With the thus arranged apparatus for speech synthesis, the basic accent pattern is classified according to the boundary position of the accent in the basic accent pattern table 7a. Accordingly, the boundary position of the accent becomes clear and therefore the synthetic voice has a clear boundary position of the accent, that is, the synthetic speech sounds with modulation.
Referring to FIG. 4, there is shown another basic accent pattern table 7b of a third embodiment of the apparatus S for speech synthesis according to the present invention. The third embodiment of the apparatus S for speech synthesis is similar to the first embodiment except for the basic accent pattern 7b.
The basic accent pattern table 7b is classified so that the accent amount in each mora is determined according to the property of mora which indicates the difference of the structure of mora. The property of mora is supplied from the language processing section 2 to the basic accent pattern processing section 6 with the number of moras in each boundary and the accent pattern. Accordingly, the proper accent pattern is looked up from the basic accent pattern table 7b according to the property of the mora and the accent environment.
With the thus arranged apparatus S for speech synthesis, the basic accent pattern is prepared according to the property of mora. Accordingly, even if the mora has the same accent environment as the other, the proper accent pattern for the mora is selected since the basic accent pattern table 7b is classified in accordance with whether the pattern of the mora is vowel mora, vocal consonant+vowel (mora), or voiceless consonant+vowel (mora). Furthermore, the accent pattern is classified according to whether the vowel part has a long sound or not.

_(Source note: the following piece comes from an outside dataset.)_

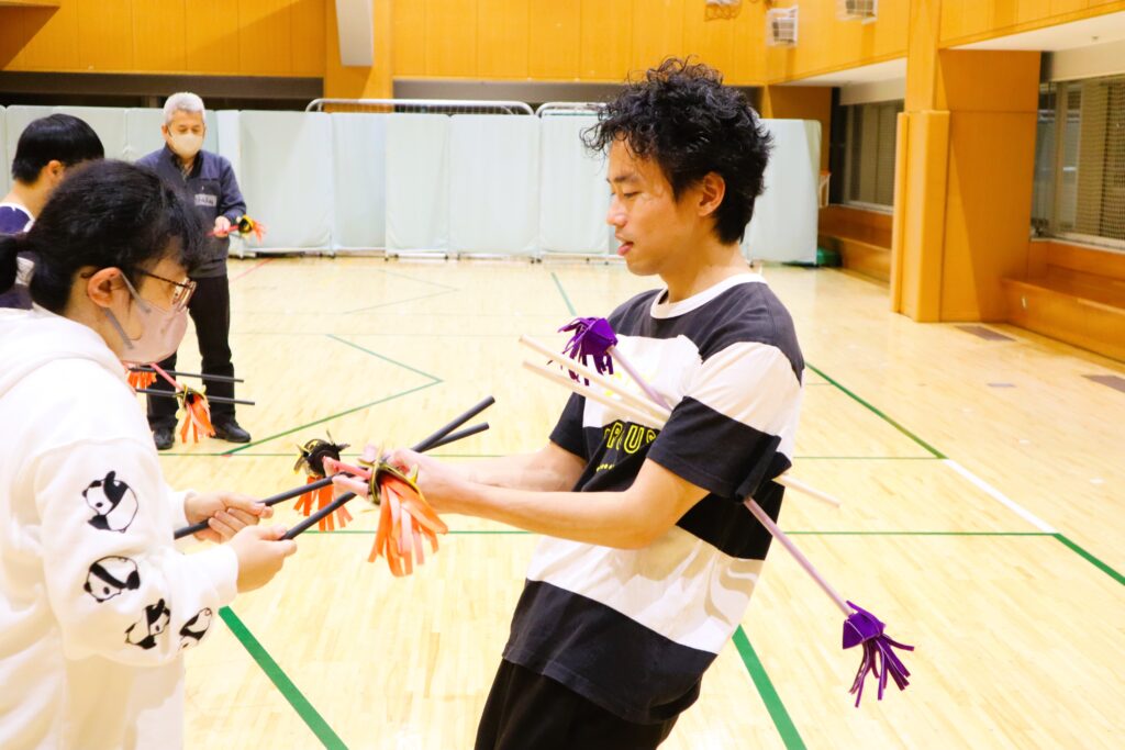 フラワースティックとは、両端に花のようなフリンジがついた細長いスティックを、特大の箸(!)のような2本の棒で交互に叩きながら宙に浮かす…という、言葉で表すとなかなか難しいのですが、アクロバットで華やかなパフォーマンスです。上手になってくると、片手だけでスティックを永遠に回転させ続けることもできます!

Accordingly, the synthesized sound further approaches the human voice which has a different accent according to the difference of the mora property.
While the embodiments of the present invention have been shown and described so that the apparatus processes the text written in the Japanese language, it will be appreciated that the principle of the present invention may be applied to other languages.
Claims (10)
1. An apparatus for synthesizing speech from text, comprising:
a language processing section determining an accent environment of each mora of each phrase of the text, said accent environment including a height of an accent of each mora;
a basic accent pattern table in which a basic accent pattern has been classified according to an accent environment of the mora, the basic accent pattern including pitch data which has been edited from real voice data according to the accent environment;
a basic accent pattern processing section selecting the basic accent pattern of each mora from said basic accent pattern table according to the accent environment and processing the basic accent pattern in a pitch according to the accent environment;
a correcting section receiving the basic access pattern in the pitch in said basic accent pattern processing section and correcting the pitch according to the number of moras in each phrase and the position of the moras in the phrase so as to correct the data in the corrected accent component;
a phrase pattern processing section determining a phrase component according to the number of moras in each phrase of the accent environment; and
a speech synthesizing section synthesizing speech according to an accent control pattern of the text which is obtained by adding the basic accent pattern and the basic phrase pattern.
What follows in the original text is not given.